# TASK
Could you repeat every record below exactly, leaving out the pictures?

# Records from a collection
------------------------------------------------------------

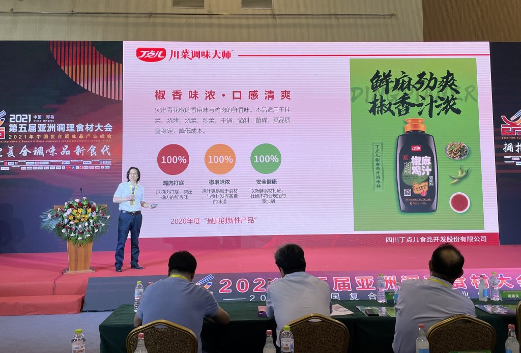 ? ? ? ?在“擁抱復(fù)合調(diào)味品新時(shí)代——2021年中國(guó)復(fù)合調(diào)味品產(chǎn)業(yè)峰會(huì)”上,丁點(diǎn)兒股份董事長(zhǎng)任康獲得“2021中國(guó)復(fù)合調(diào)味品產(chǎn)業(yè)創(chuàng)變?nèi)宋铩睒s譽(yù)稱號(hào),丁點(diǎn)兒老壇酸菜醬調(diào)味料榮登2021中國(guó)調(diào)味品爆品榜單。
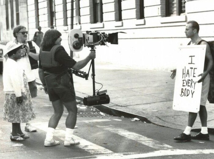 5) Брюс Уиллис на закулисном фото со съёмок боевика "Крепкий орешек 3: Возмездие" (1995). Всем известная коварная надпись на нагрудном плакате Джона МакКлейна была добавлена в итоговую версию фильма с помощью компьютерной графики.
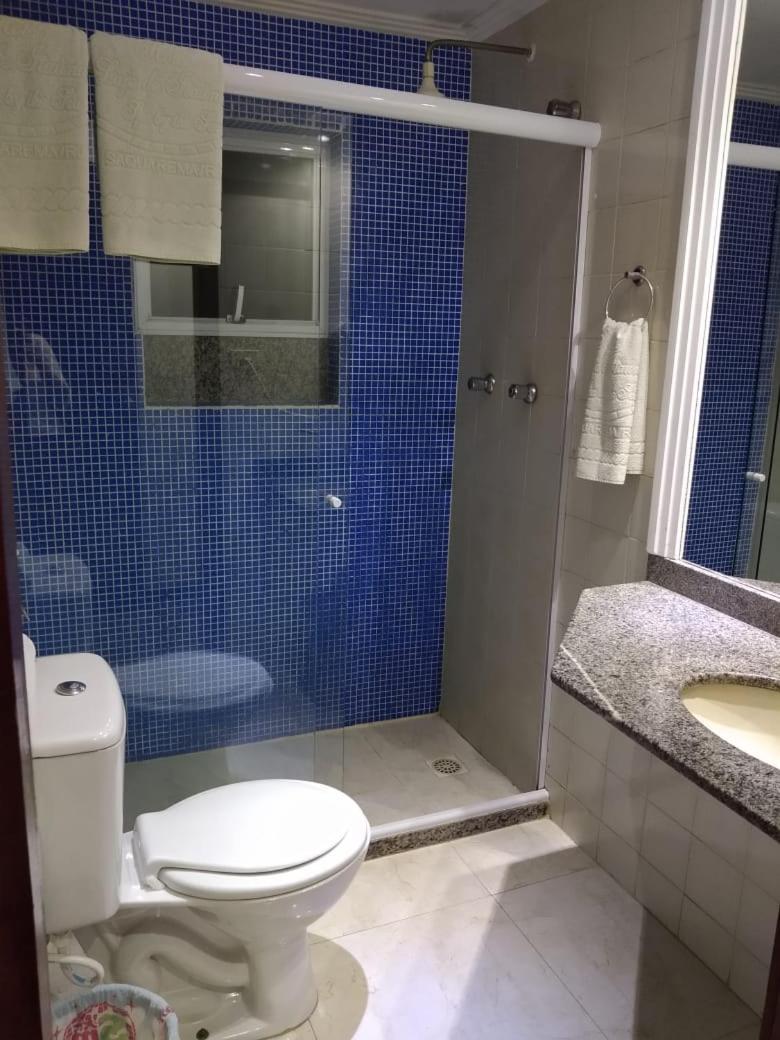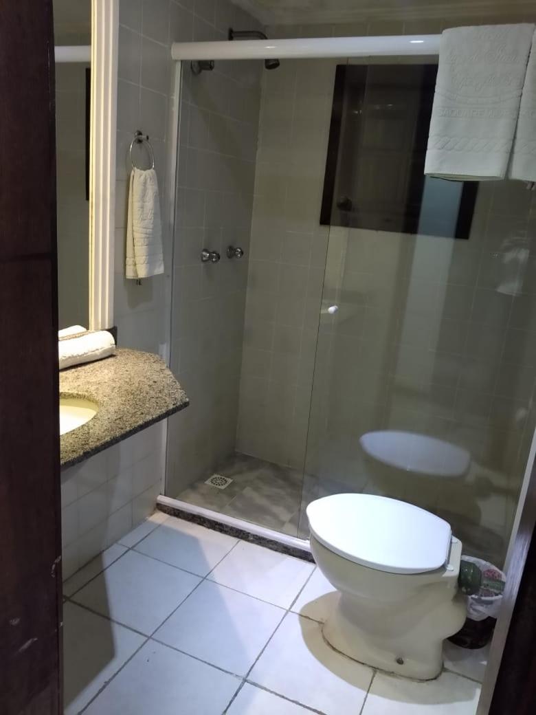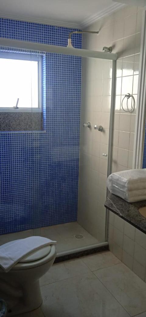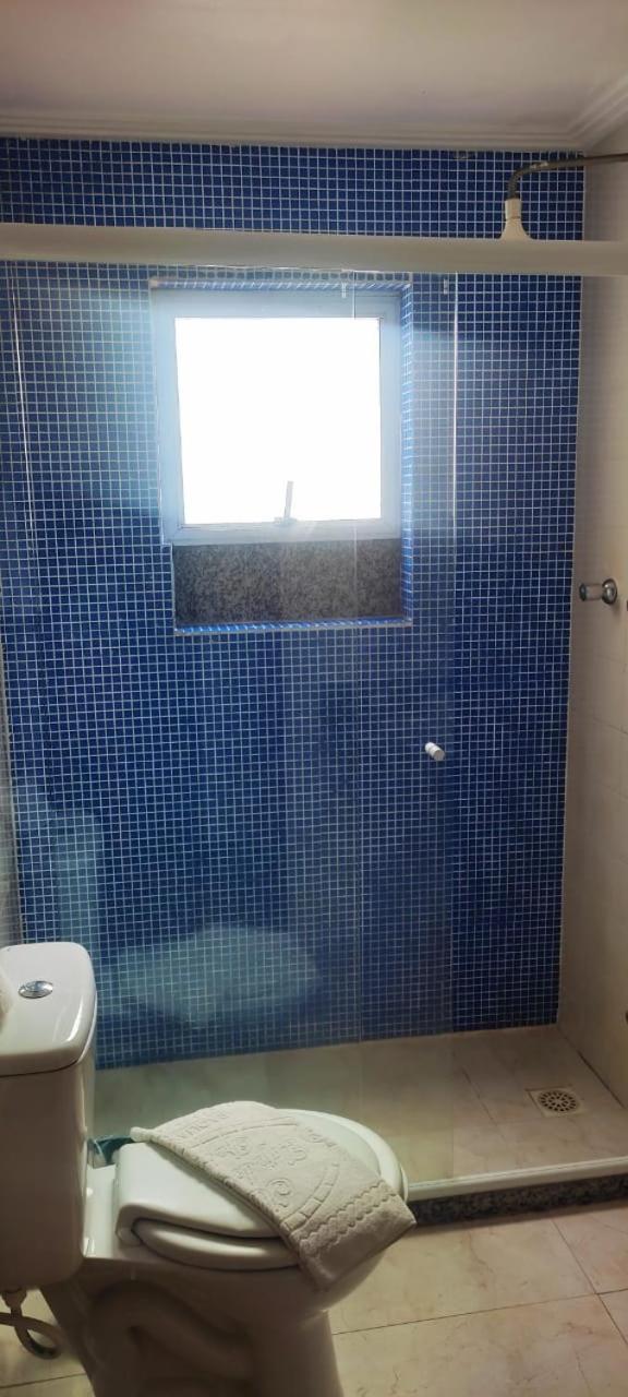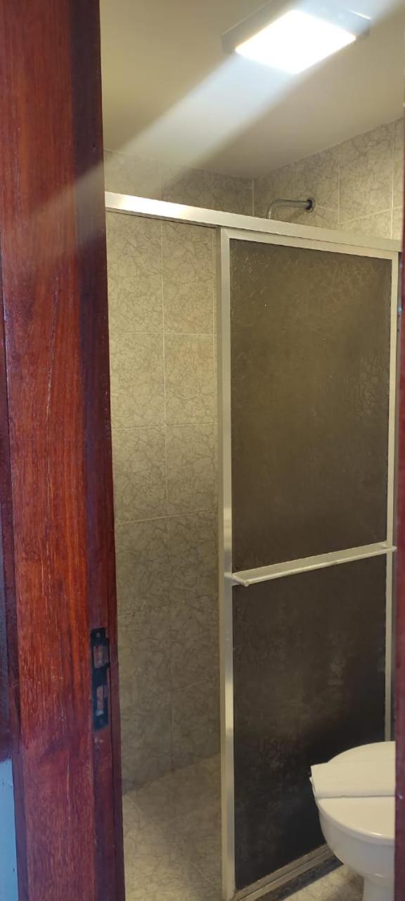 O banheiro com o vaso sanitário espremido entre o Blidex do box do chuveiro e a parede divisa com o quarto. Muito apertado e que atende somente as pessoas magras.
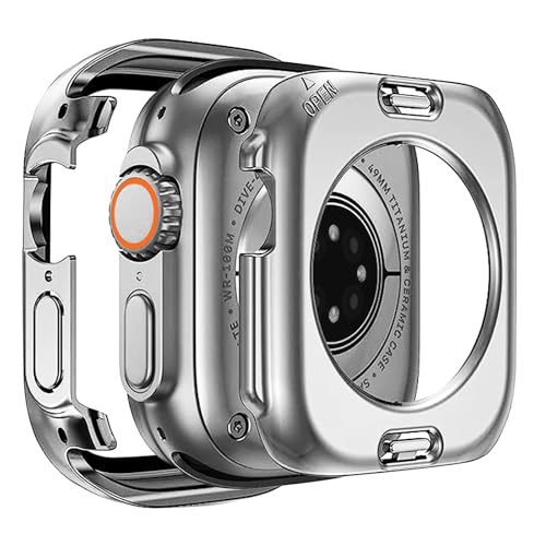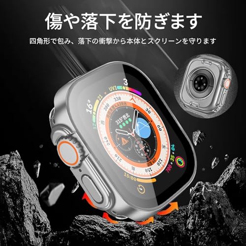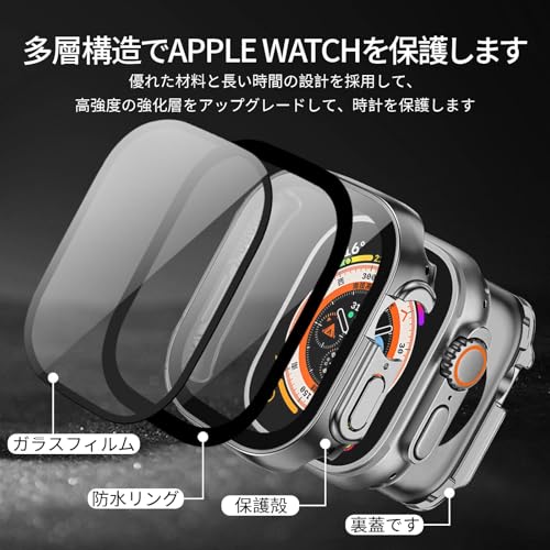 YUGYUG 対応 アップルウォッチ カバー Ultra 3/2/1 アップルウォッチ ケース PC素材 IP68 防水 360ど度 Apple Watch ケース ガラスフィルム 一体型 日本旭硝子材 二重構造 Apple Watch カバー 全面保護 強化ガラス キズ防止(49mm,シルバー)
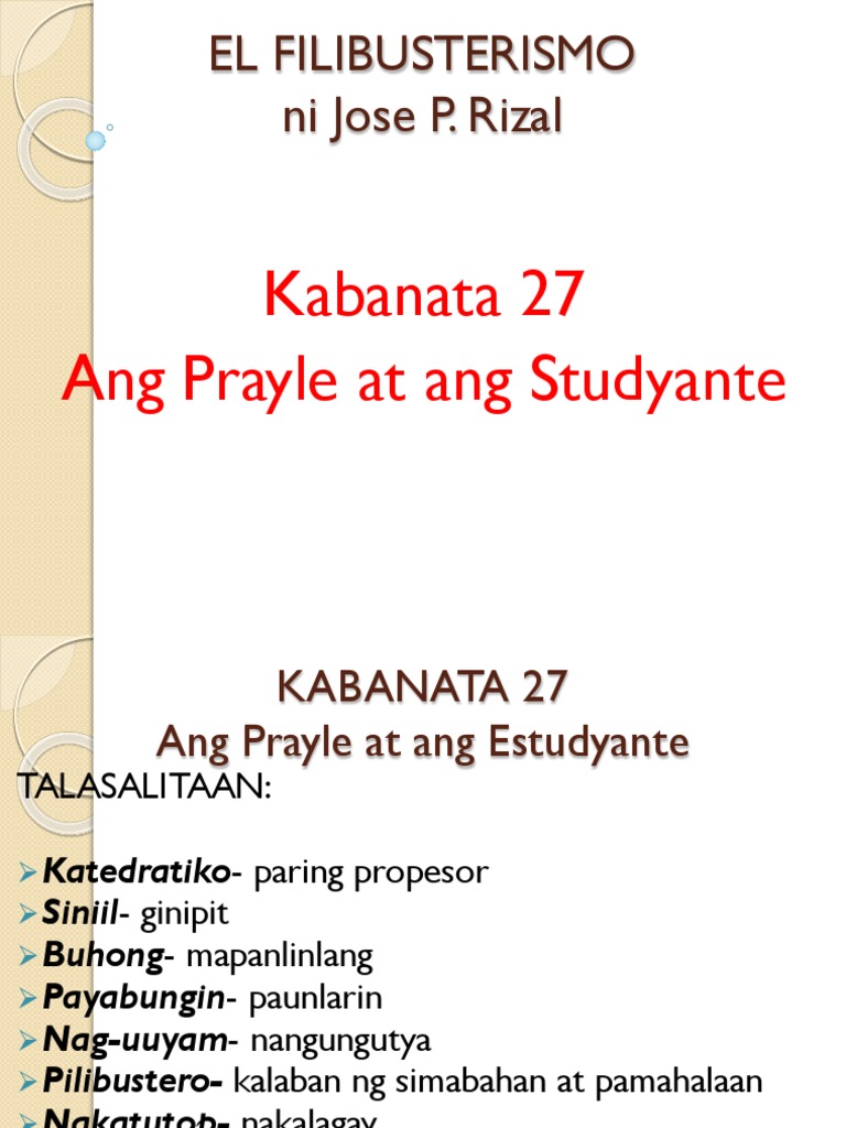 Kabanatang 1-39 Learn with flashcards games and more for free. 3 question Kabanata 27 talasalitaan el filibusterismo. Ipinatawag ng isang katedratikong si Padre Fernandez si Isagani.
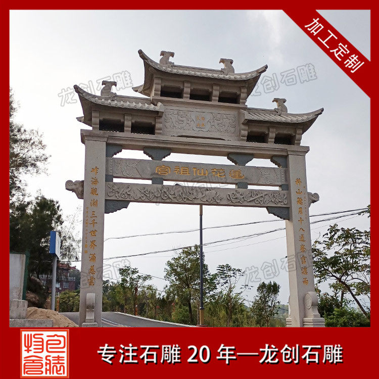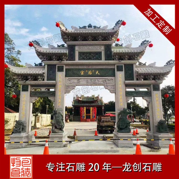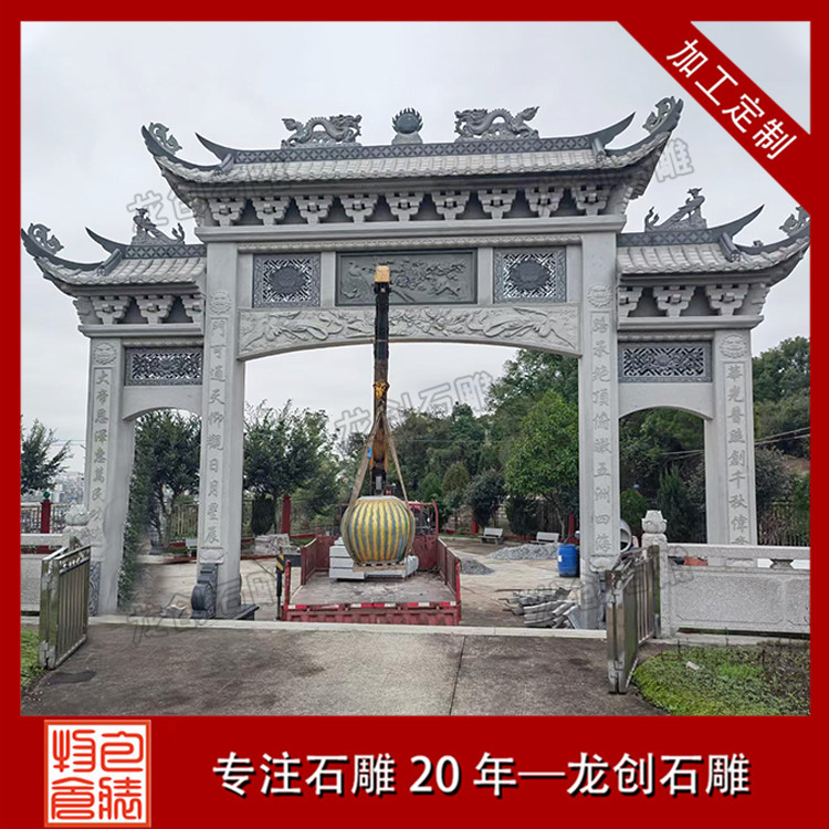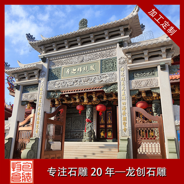 石雕山門(mén)作為寺廟的重要入口,其設(shè)計(jì)和制作都非常講究。首先,山門(mén)的造型要與寺廟的整體建筑風(fēng)格相協(xié)調(diào),既要體現(xiàn)出寺廟的莊嚴(yán)肅穆,又要彰顯出寺廟的獨(dú)特韻味。其次,石雕山門(mén)的雕刻工藝要求非常高,既要表現(xiàn)出線條的流暢美感,又要彰顯出雕刻技法的高超。最后,石雕山門(mén)的顏色也是非常重要的,通常選用深色系的石材,以突顯出寺廟的神秘色彩。
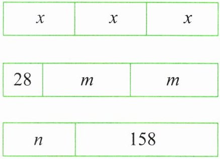 6. 迁移应用 下图为三个大小、形状完全相同的长方形,根据图中的数量关系写出三个不同的方程。
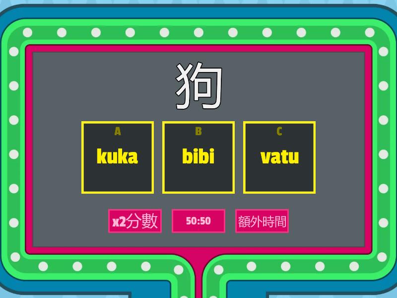1) 狗 a) kuka b) bibi c) vatu 2) ita a) 三 b) 五 c) 一 3) 有 a) azua b) izua c) aicu 4) aravac a) 非常 b) 是 c) 不是 5) 話 a) maca b) kai c) angalj 6) kilangda a) 說話 b) 看 c) 聽從 7) 黑色 a) 'ucengecengel b) 'udjidjilj c) vucelacelay 8) 'uljav a) 紅色 b) 顏色 c) 黑色 9) nia a) 你們的 b) 我們的 c) 他們的 10) sinikiljivak a) 不喜歡 b) 被疼愛的 c) 討厭的
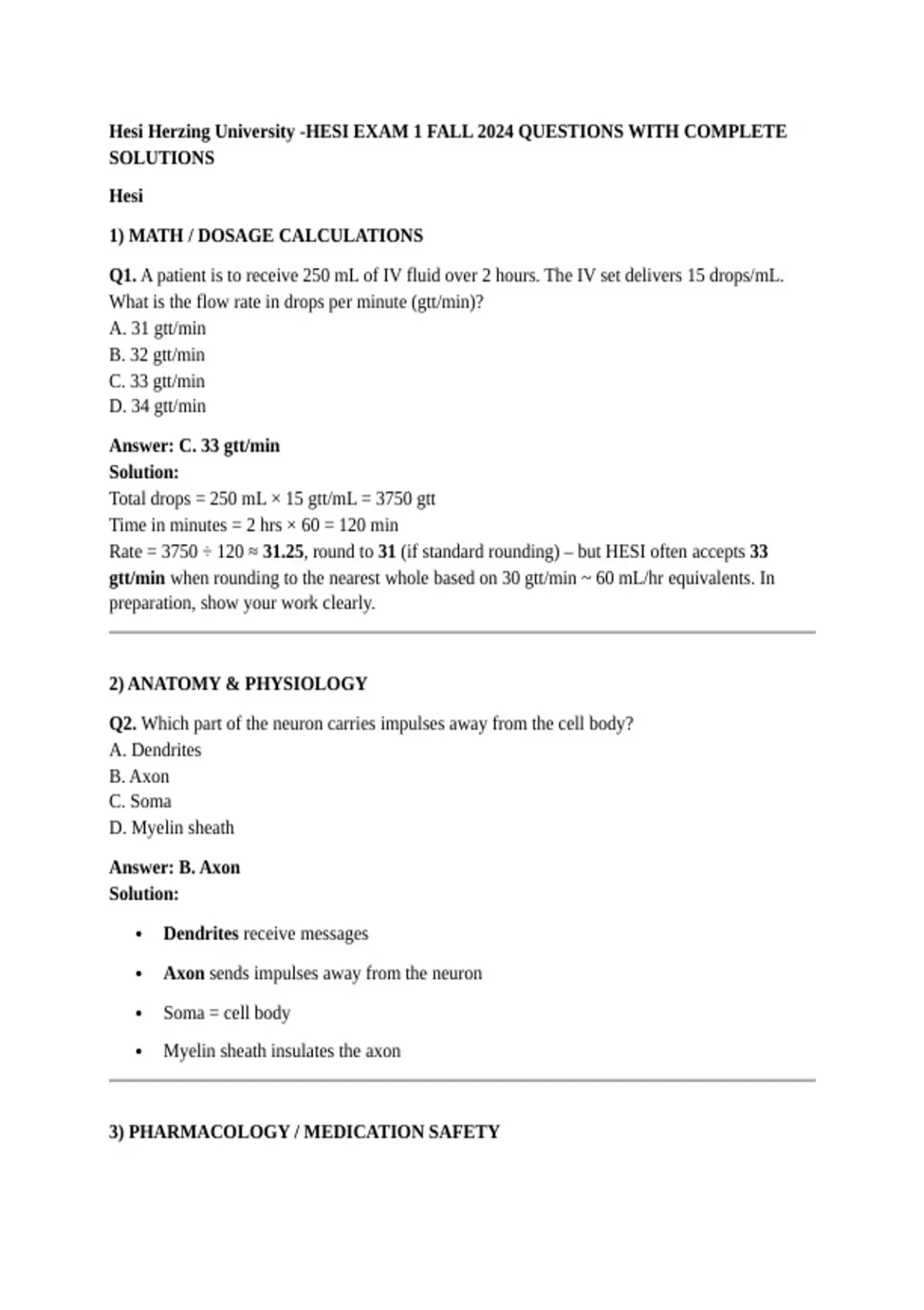 Hesi Herzing University -HESI EXAM 1 FALL 2024 QUESTIONS WITH COMPLETE SOLUTIONS
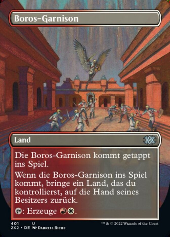 | Rules | Boros Garrison enters the battlefield tapped. When Boros Garrison enters the battlefield, return a land you control to its owner's hand. : Add . |

------------------------------------------------------------

# RESULT
 ? ? ? ?在“擁抱復(fù)合調(diào)味品新時(shí)代——2021年中國(guó)復(fù)合調(diào)味品產(chǎn)業(yè)峰會(huì)”上,丁點(diǎn)兒股份董事長(zhǎng)任康獲得“2021中國(guó)復(fù)合調(diào)味品產(chǎn)業(yè)創(chuàng)變?nèi)宋铩睒s譽(yù)稱號(hào),丁點(diǎn)兒老壇酸菜醬調(diào)味料榮登2021中國(guó)調(diào)味品爆品榜單。
 5) Брюс Уиллис на закулисном фото со съёмок боевика "Крепкий орешек 3: Возмездие" (1995). Всем известная коварная надпись на нагрудном плакате Джона МакКлейна была добавлена в итоговую версию фильма с помощью компьютерной графики.
 O banheiro com o vaso sanitário espremido entre o Blidex do box do chuveiro e a parede divisa com o quarto. Muito apertado e que atende somente as pessoas magras.
 YUGYUG 対応 アップルウォッチ カバー Ultra 3/2/1 アップルウォッチ ケース PC素材 IP68 防水 360ど度 Apple Watch ケース ガラスフィルム 一体型 日本旭硝子材 二重構造 Apple Watch カバー 全面保護 強化ガラス キズ防止(49mm,シルバー)
 Kabanatang 1-39 Learn with flashcards games and more for free. 3 question Kabanata 27 talasalitaan el filibusterismo. Ipinatawag ng isang katedratikong si Padre Fernandez si Isagani.
 石雕山門(mén)作為寺廟的重要入口,其設(shè)計(jì)和制作都非常講究。首先,山門(mén)的造型要與寺廟的整體建筑風(fēng)格相協(xié)調(diào),既要體現(xiàn)出寺廟的莊嚴(yán)肅穆,又要彰顯出寺廟的獨(dú)特韻味。其次,石雕山門(mén)的雕刻工藝要求非常高,既要表現(xiàn)出線條的流暢美感,又要彰顯出雕刻技法的高超。最后,石雕山門(mén)的顏色也是非常重要的,通常選用深色系的石材,以突顯出寺廟的神秘色彩。
 6. 迁移应用 下图为三个大小、形状完全相同的长方形,根据图中的数量关系写出三个不同的方程。
1) 狗 a) kuka b) bibi c) vatu 2) ita a) 三 b) 五 c) 一 3) 有 a) azua b) izua c) aicu 4) aravac a) 非常 b) 是 c) 不是 5) 話 a) maca b) kai c) angalj 6) kilangda a) 說話 b) 看 c) 聽從 7) 黑色 a) 'ucengecengel b) 'udjidjilj c) vucelacelay 8) 'uljav a) 紅色 b) 顏色 c) 黑色 9) nia a) 你們的 b) 我們的 c) 他們的 10) sinikiljivak a) 不喜歡 b) 被疼愛的 c) 討厭的
 Hesi Herzing University -HESI EXAM 1 FALL 2024 QUESTIONS WITH COMPLETE SOLUTIONS
 | Rules | Boros Garrison enters the battlefield tapped. When Boros Garrison enters the battlefield, return a land you control to its owner's hand. : Add . |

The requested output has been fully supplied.